▶ **Data section**
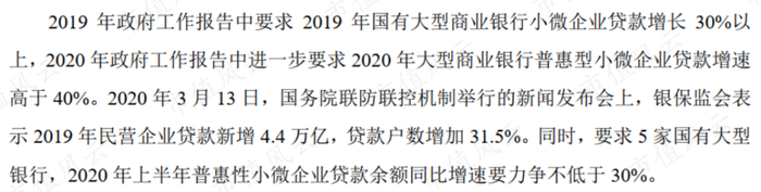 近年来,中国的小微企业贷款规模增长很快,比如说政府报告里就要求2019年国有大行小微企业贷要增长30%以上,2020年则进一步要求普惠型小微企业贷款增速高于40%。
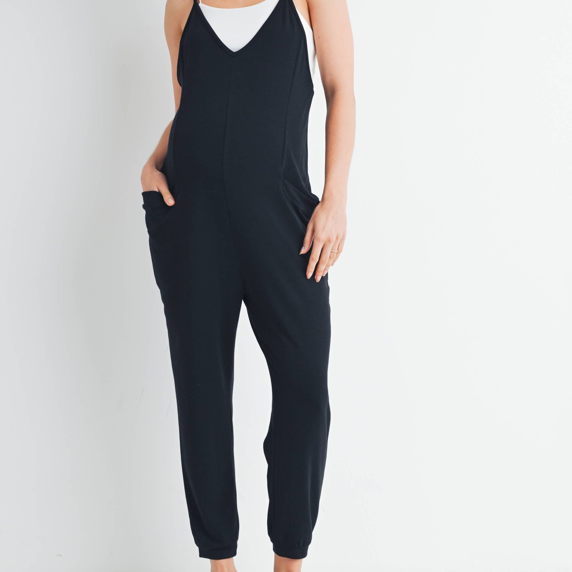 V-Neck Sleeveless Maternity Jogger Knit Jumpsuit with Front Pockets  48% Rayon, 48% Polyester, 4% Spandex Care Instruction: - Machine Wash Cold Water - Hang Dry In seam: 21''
--
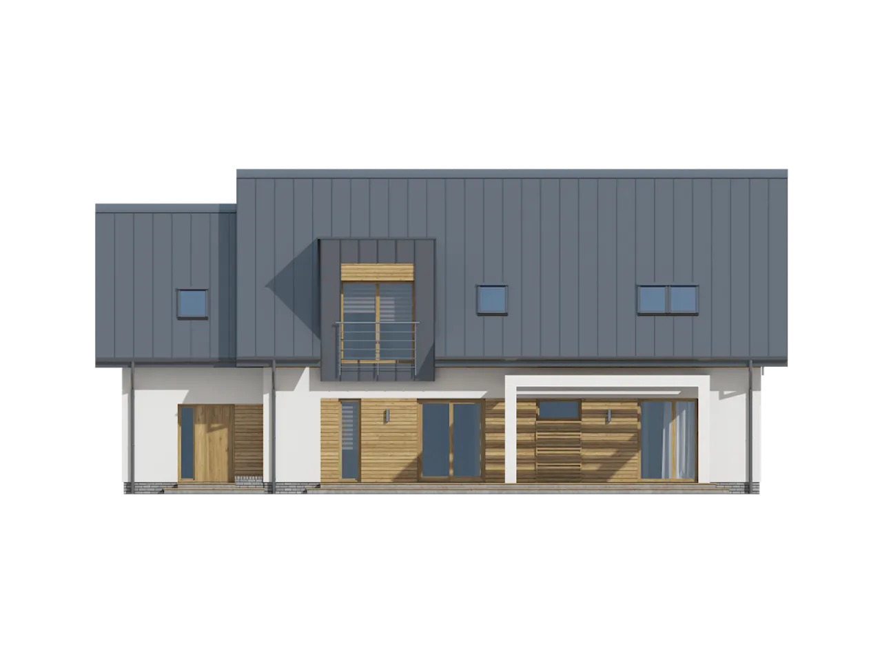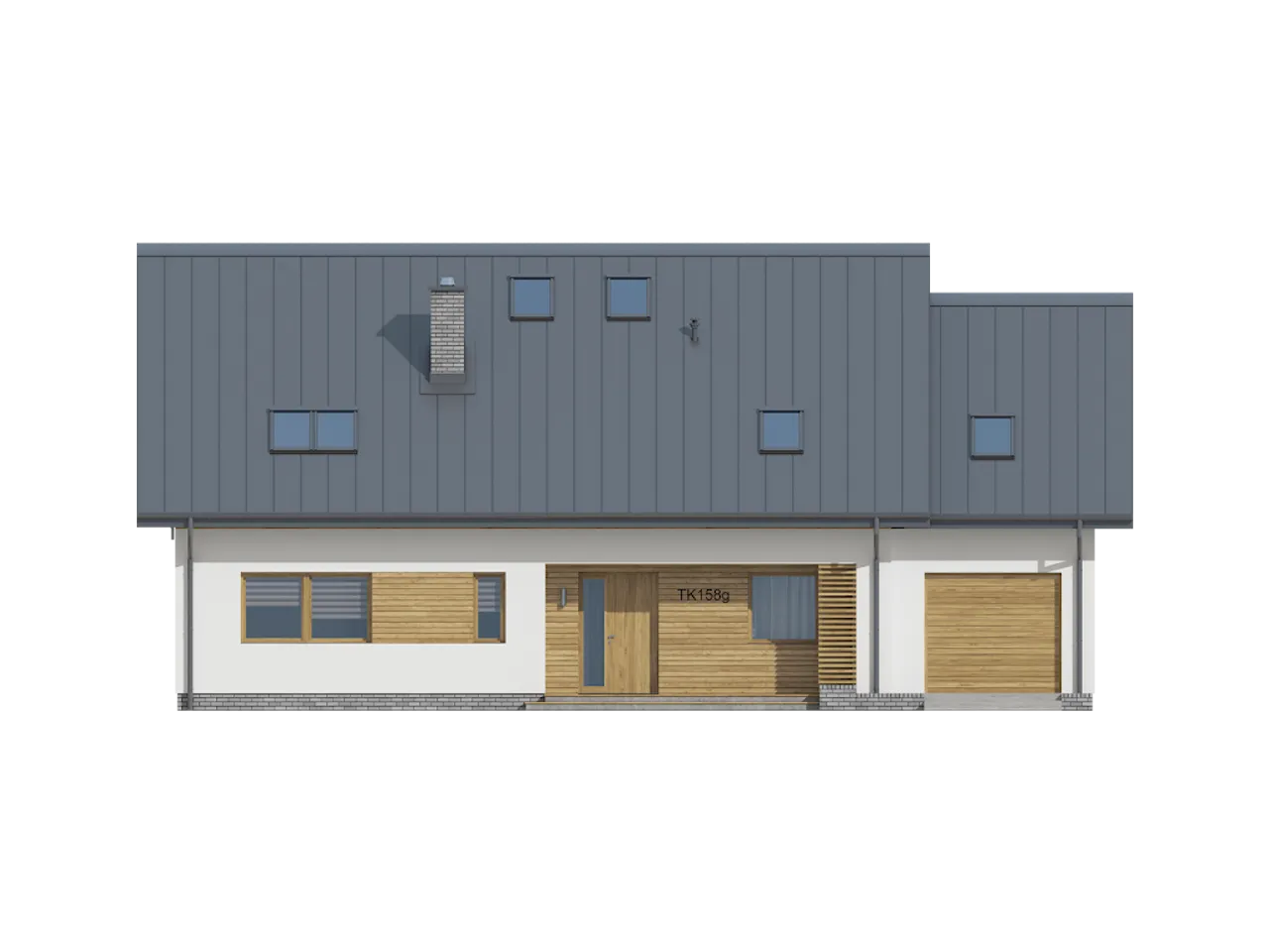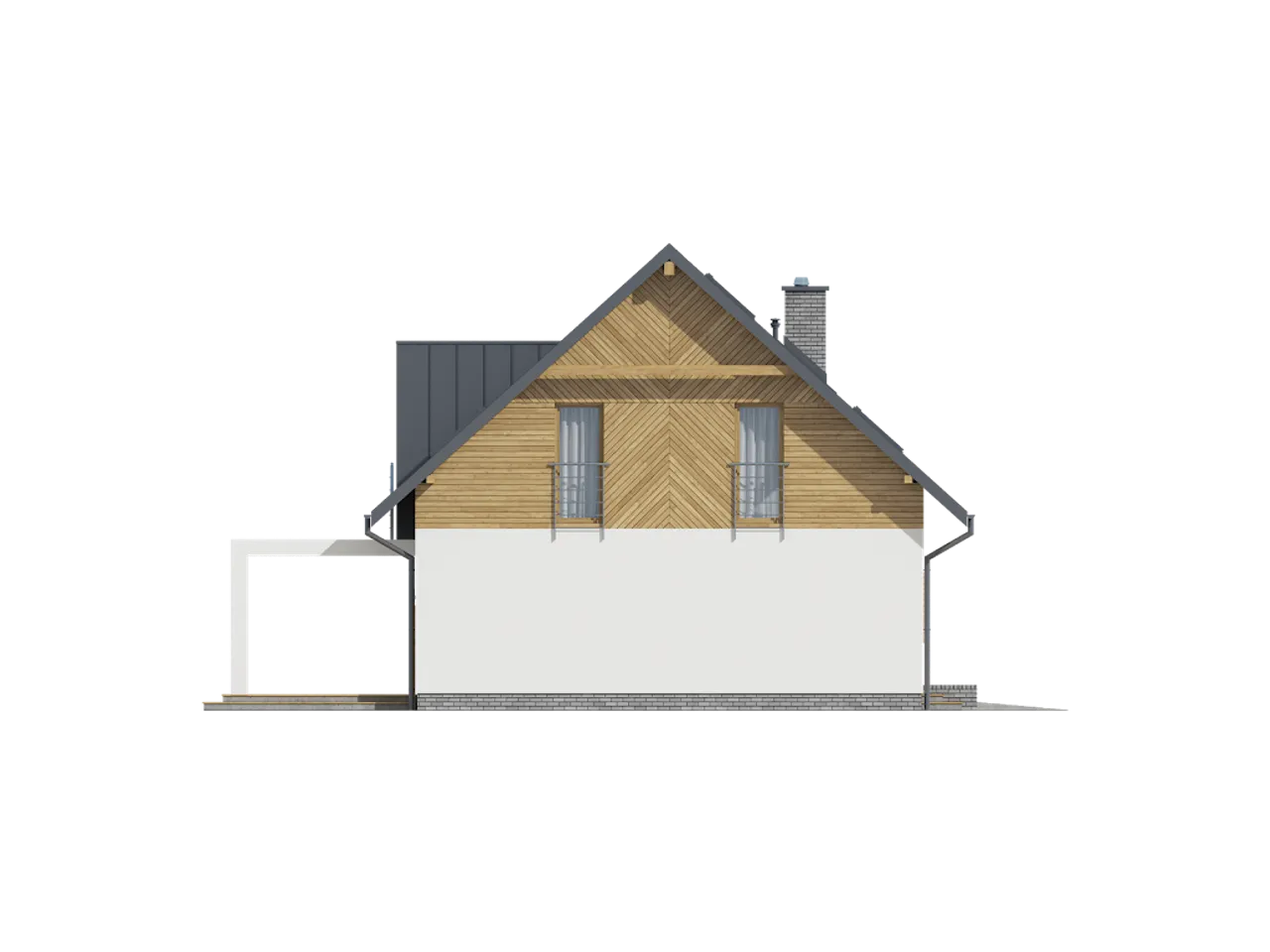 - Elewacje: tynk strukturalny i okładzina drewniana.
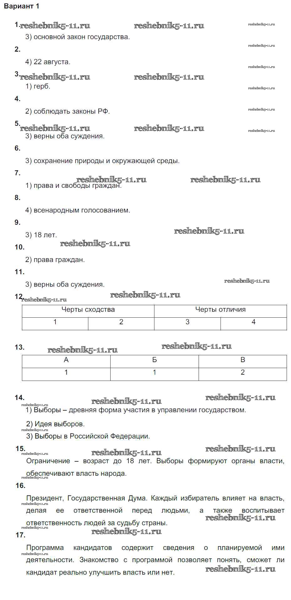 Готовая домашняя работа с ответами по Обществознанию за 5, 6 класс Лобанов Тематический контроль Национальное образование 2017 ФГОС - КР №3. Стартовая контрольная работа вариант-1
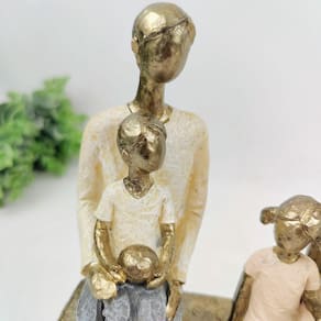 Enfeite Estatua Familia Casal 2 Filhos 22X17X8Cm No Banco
==
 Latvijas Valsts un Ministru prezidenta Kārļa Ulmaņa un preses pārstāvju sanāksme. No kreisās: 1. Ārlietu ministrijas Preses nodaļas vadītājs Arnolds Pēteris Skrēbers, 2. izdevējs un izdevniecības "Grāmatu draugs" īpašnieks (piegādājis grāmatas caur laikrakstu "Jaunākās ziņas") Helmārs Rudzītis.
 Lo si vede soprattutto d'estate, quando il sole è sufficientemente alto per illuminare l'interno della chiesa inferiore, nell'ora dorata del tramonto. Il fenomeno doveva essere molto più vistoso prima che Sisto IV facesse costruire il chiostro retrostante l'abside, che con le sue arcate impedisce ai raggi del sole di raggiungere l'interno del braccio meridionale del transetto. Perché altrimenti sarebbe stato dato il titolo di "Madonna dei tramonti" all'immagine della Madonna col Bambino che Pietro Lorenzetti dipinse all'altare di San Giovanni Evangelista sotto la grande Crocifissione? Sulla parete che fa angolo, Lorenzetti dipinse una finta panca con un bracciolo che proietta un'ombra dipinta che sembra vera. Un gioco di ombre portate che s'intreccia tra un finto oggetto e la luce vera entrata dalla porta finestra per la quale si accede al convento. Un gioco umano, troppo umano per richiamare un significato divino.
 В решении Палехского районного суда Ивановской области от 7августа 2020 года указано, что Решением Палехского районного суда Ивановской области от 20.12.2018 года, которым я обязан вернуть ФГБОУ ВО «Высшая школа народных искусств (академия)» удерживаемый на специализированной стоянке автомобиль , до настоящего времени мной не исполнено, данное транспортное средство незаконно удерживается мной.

▶ **Activity**
Within the listing above, write out the stretch from the line with "- Elewacje: tynk" through the line with "Enfeite Estatua Familia" exactly. Any pictures are to be left out.

▶ **Reply**
 - Elewacje: tynk strukturalny i okładzina drewniana.
 Готовая домашняя работа с ответами по Обществознанию за 5, 6 класс Лобанов Тематический контроль Национальное образование 2017 ФГОС - КР №3. Стартовая контрольная работа вариант-1
 Enfeite Estatua Familia Casal 2 Filhos 22X17X8Cm No Banco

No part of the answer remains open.